I would like to tell you that during this 4 years since I have been living the diet you prescribed for me, I have missed my sweets! One thing I have always enjoyed is canned sour cherries.
I bring them home and add my own sweetener. Well, now guess what?
They don’t have it on the shelves anymore. People WANT that other kind of canned cherries that are already sweetened with the bad stuff. If anyone knows where to buy unsweetened cherries, I’d like to know about it. They could be frozen too.
Four years! And how are you feeling. I’m trusting that the diet is paying off.
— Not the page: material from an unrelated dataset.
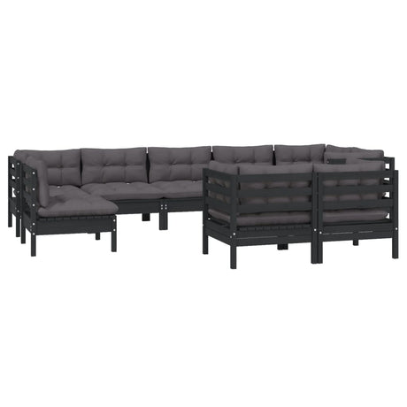 10 Piece Garden Lounge Set with Cushions Black Solid Pinewood

And while a little sweet is ok, if you’re craving “too much” (and only you can discern that) then that’s typically an indicator that you need a little more protein and/or fat in your diet.
Yes…sour cherries are great and their availability varies from place to place. I buy mine dried from Eden Foods and if you click on the link on my page, you receive a 15% discount.
frozen tart cherries by the 5 lb. bag at Gordon food service if there is one in your area. They are on the internet at gfs.com.